It’s been difficult recently to open up a motoring website, or car magazine, without seeing some new hypercar.
No, the new breed of hypercars is something completely different: racing cars with indicators.
Take one look at the Mercedes Project ONE, for example. Okay, so there’s a kind of road car shape to it, but at its heart it’s Lewis Hamilton’s weekend ride. Mercedes-AMG has taken an F1 car’s 1.6-liter petrol engine and KERS hybrid system and placed it into a two-seat car with a roof. Yes, there’s some concessions to daily use — we’re not sure anyone would buy a car that needs a new engine every thousand miles — but that’s the basic recipe.
It’s a short hop from Mercedes-AMG’s F1 base in Brackley to Gaydon. There Aston Martin, with Red Bull’s F1 team, is making an even stranger car. The Valkyrie looks much more like an F1 car — albeit with a cockpit — but totes a more traditional 6.5-liter V12. Again, this car uses a lot of F1 technology in its construction.
Toyota too is getting in on the act. It may not have an F1 team any longer, but it is the last manufacturer left in LMP1. Its racing team, Gazoo Racing, is reportedly working on a supercar tentatively dubbed the GR Super Sport. There’s no detail on this yet aside from a silhouette — which looks remarkably like an LMP1 car — but that alone hints at a peer for the Aston and Mercedes. Toyota has form in suddenly conjuring up a brilliant supercar from nowhere; remember the Lexus LFA or, madder still, the TS020 homologation special?
That’s not an end to it either. Both BMW and Audi are reportedly considering their own rivals. This may just be to cover off what Mercedes is up to — after all, the three German brands do tend to lead each other into new sectors — but it’s unlikely that five car makers independently decide to build exactly the same type of car at once.
What could it hint at if not a coincidence? Well, it may be one of the arms of the Triple Crown of Motorsport, but the 24 Hours of Le Mans appears to be in a bit of trouble at the moment. The FIA World Endurance Championship, which features the famous race as a flagship event, is suffering from a lack of competition in its top category, LMP1.
This ferociously expensive formula has seen manufacturers dropping like flies. Peugeot quit to focus on rally, Nissan quit because its car was terrible, and Audi and Porsche quit for reasons we’re sure are not connected to VW’s restructuring after Dieselgate.
That just leaves Toyota, which will compete in its 20th Le Mans next year but is yet to win. For 2018 (and 2019, thanks to the 18-month “superseason”) it will be the only full factory LMP1 entry, and practically unopposed. A number of other customer entries, using new Dallara and Ginetta chassis are mooted however.
Indeed things are so on edge in WEC that the championship recently held a fan survey on how it should proceed in the future. But are WEC’s woes and the influx of hypercars really connected?
It’s certainly true that many fans clamor for the old days of Le Mans, when the race winner could drive away from the circuit afterwards.
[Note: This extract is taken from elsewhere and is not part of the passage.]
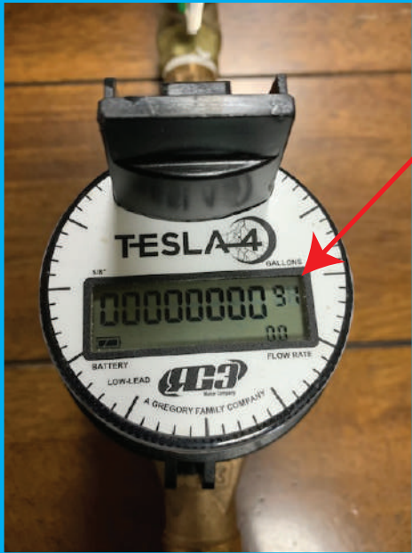
Standard DSWS Meter

It is important to make sure no water is being used inside (washing machine, showers, faucets etc.) nor any irrigation outside your home during your meter examination. Locate your water meter within a black hard plastic box, see both Figures A and B. If your digital counter is actively increasing, you probably have a leak.

LMP1 prototypes may bring unprecedented lap speeds, and Group C had phenomenal straight line pace, but there’s a certain magic to seeing road cars — even fabulously expensive ones — tearing up the race track.
Hypercars like the Project ONE, Valkyrie and their rumored competition provide an opportunity to return to that format. It may drive the balance of performance calculations crazy trying to even out a 6.5-liter V12 and a hybrid 1.6, but it’s not beyond the realms of possibility.
The planned production numbers have a hint of homologation about them too. The last road car to win Le Mans outright was the McLaren F1. The company built 106 of them in total. Aston Martin is planning 125 Valkyries, while Mercedes will make the Project ONE more common at 275.
It’s something the brands are clearly considering too. Speaking to Autocar recently, Aston Martin’s CEO Andy Palmer commented:
“My personal perspective is very clear: Aston Martin will never compete in a prototype category because it has no relevance to us. But if they allowed racing derivatives of road cars, that would be very interesting to us and, I suspect, the fans.
“Road-derived race cars fighting for the win is in keeping with the history of sportscar and Le Mans racing, and the prospect of the likes of Valkyrie fighting against McLaren P1, LaFerrari and more would be interesting to more than just me, I suspect.”
What about McLaren? Well the company just unveiled its newest Ultimate Series road car, the Senna, but has another in the works. This car, codenamed BP23, is a three-seater with a central driving position and a planned production run of 106 cars. Sound familiar?
Speaking to Motorsport.com earlier this year, McLaren’s CEO Zak Brown also spoke of sportscar racing’s past:
“I believe the WEC has an opportunity to hit the reset button. I’d love them to get back to the Porsche 956 or 962 days, where factory and privateer teams can race together knowing they each have chances of winning.”
It may all just be a coincidence though. After all, car makers do try to one-up each other all the time. Whether an indication of a new racing category or not, the upcoming crop of hypercars will set yet another new benchmark for road car performance.